Open example in Stackblitz.
tip

If you're looking for a guide on how to host your own models in a Node environment, check out the Node-specific guide.

Background

UpscalerJS provides support for loading models via the local filesystem. This might be useful when we want to host the models ourselves (perhaps we're running offline), or if we have a custom model we wish to integrate with UpscalerJS.

note

In this example, we'll be using the raw 2x model.json available via the esrgan-slim package to demonstrate.

Code

We first need to ensure that our model file is accessible locally via a URL, as Tensorflow.js requires a HTTP-compatible model file. In our example, we're using vite, which automatically exposes the public folder statically. Therefore, we've placed our model files into the public folder which has made them accessible at /model.json.

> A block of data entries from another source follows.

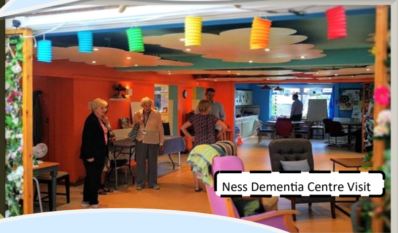
Ness Dementia Centre Visit

Heard from 404 witnesses in person from industry, the NHS, charities, employees, universities and members of the public in Task Group/Spotlight Reviews.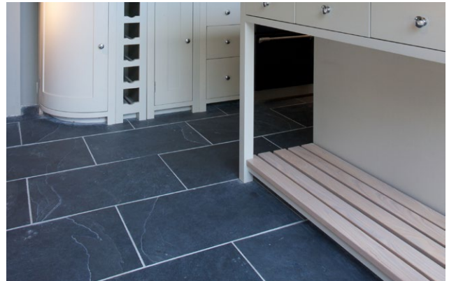
40 X 60CM TILE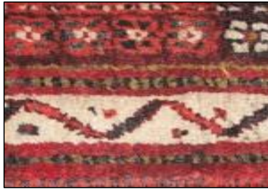
Fig. 6. Water motif flowing over the border

The running dog pattern Famous in classical architecture, the running dog, is a decorative motif consisting of a stylized, repetitive roll shape, somewhat like the profile of a breaking wave, see Figure 7 .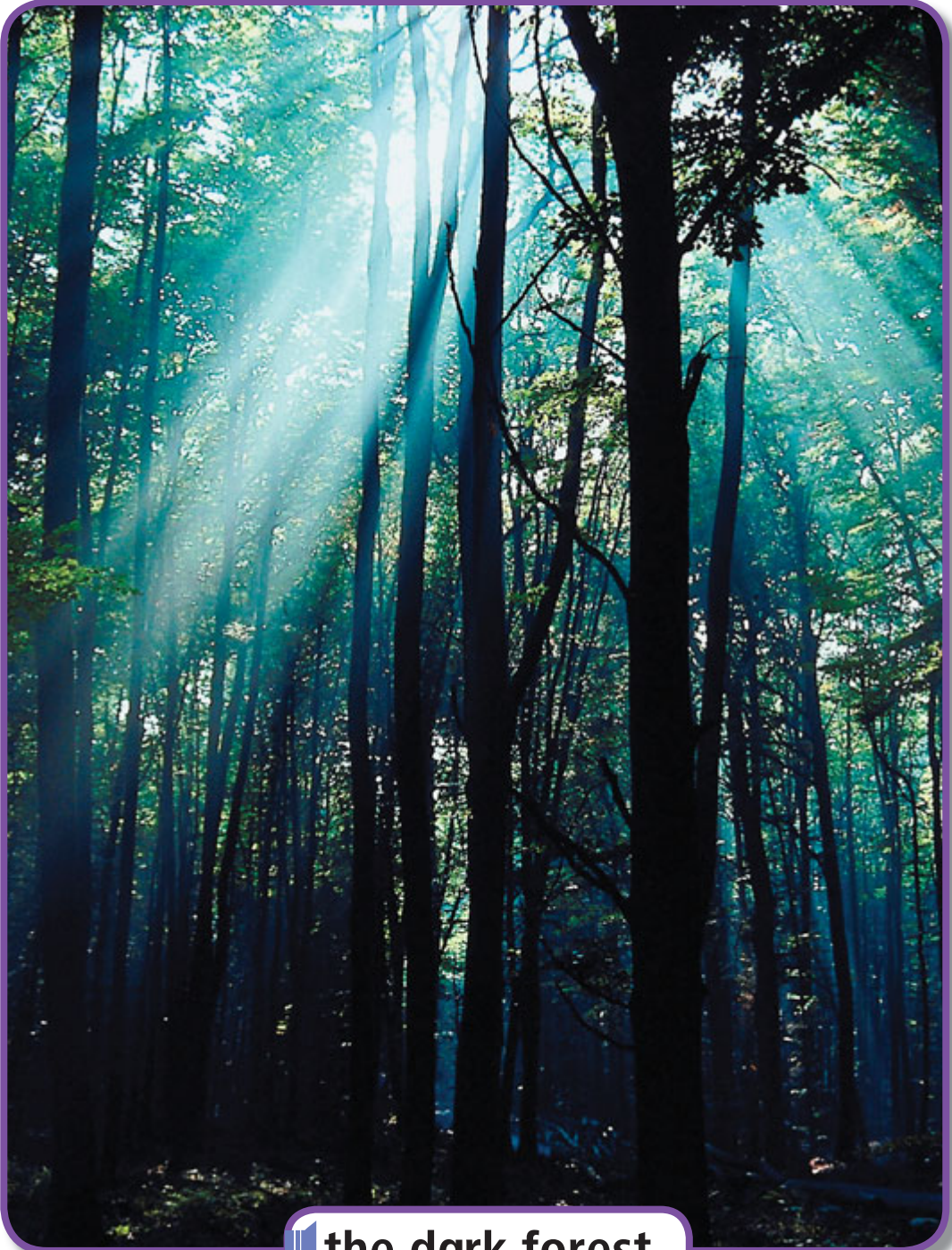
the dark forest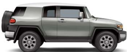
SILVER FRESCO METALLIC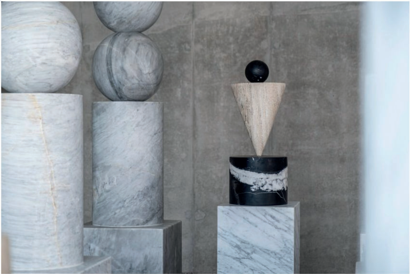
Doors of Perception features geometric stone forms

It includes two primary installations accented by a number of smaller works by each designer.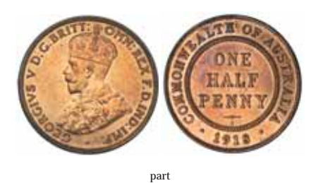
1668* George V , 1916I and 1918I. Cleaned, otherwise good extremely fine, the second rare. (2)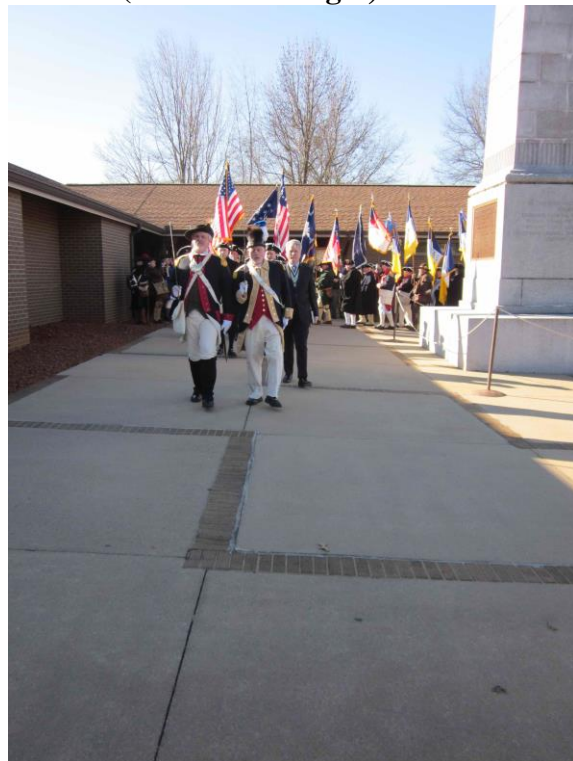
March to the Monument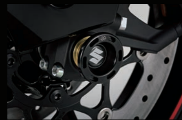
Front axle slider 99115-10L00-000 Front axle slider with S logo. Reduction of impact damage around front axle, unique design, easy to install.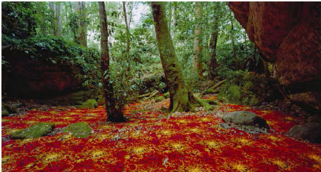
Rosemary Laing groundspeed (Red Piazza) #2 2001 type C photograph 110.0 x 205.0 cm © the artist

This image is part of the 2001 series groundspeed , shot by Laing at the Morton National Park on the New South Wales South Coast. 'Red Piazza' is the name of the carpet pattern and is reminiscent of carpet designs from Laing's childhood. Laing worked with a team to painstakingly place the carpet over the forest floor, even using carpet underlay.

We can then specify the model with a custom model attribute:

import Upscaler from 'upscaler'

const upscaler = new Upscaler({
model: {
scale: 2,
path: '/model.json',
}
})

Both scale and path are required options. Models are tied to a specific scale which must be specified per model.

Model options

We can further specify our model with additional configuration options:

import Upscaler from 'upscaler'

const upscaler = new Upscaler({
model: {
scale: 2,
path: '/model.json',
preprocess: input => tf.tidy(() => tf.mul(input, 1 / 255)),
postprocess: output => tf.tidy(() => output.clipByValue(0, 255)),
}
})

preprocess and postprocess are functions called on the input and output tensors, respectively.

The model can also define a function that returns a ModelDefinition, which can be helpful for defining custom layers and ops:

import Upscaler from 'upscaler'

const getModelDefinition = (
/**
* tf refers to the currently active Tensorflow.js library, which may be
* @tensorflow/tfjs, @tensorflow/tfjs-node, or @tensorflow/tfjs-node-gpu.
**/
tf,
) => {
class CustomLayer extends Layer {
call(inputs: Inputs) {
... some definition ...
}

static className = 'CustomLayer'
}

tf.serialization.registerClass(CustomLayer);

return {
scale: 2,
path: '/model.json',
preprocess: input => tf.tidy(() => tf.mul(input, 1 / 255)),
postprocess: output => tf.tidy(() => output.clipByValue(0, 255)),
}
}

const upscaler = new Upscaler({
model: getModelDefinition,
})

We can see an example of two custom models defined in the esrgan-thick model package.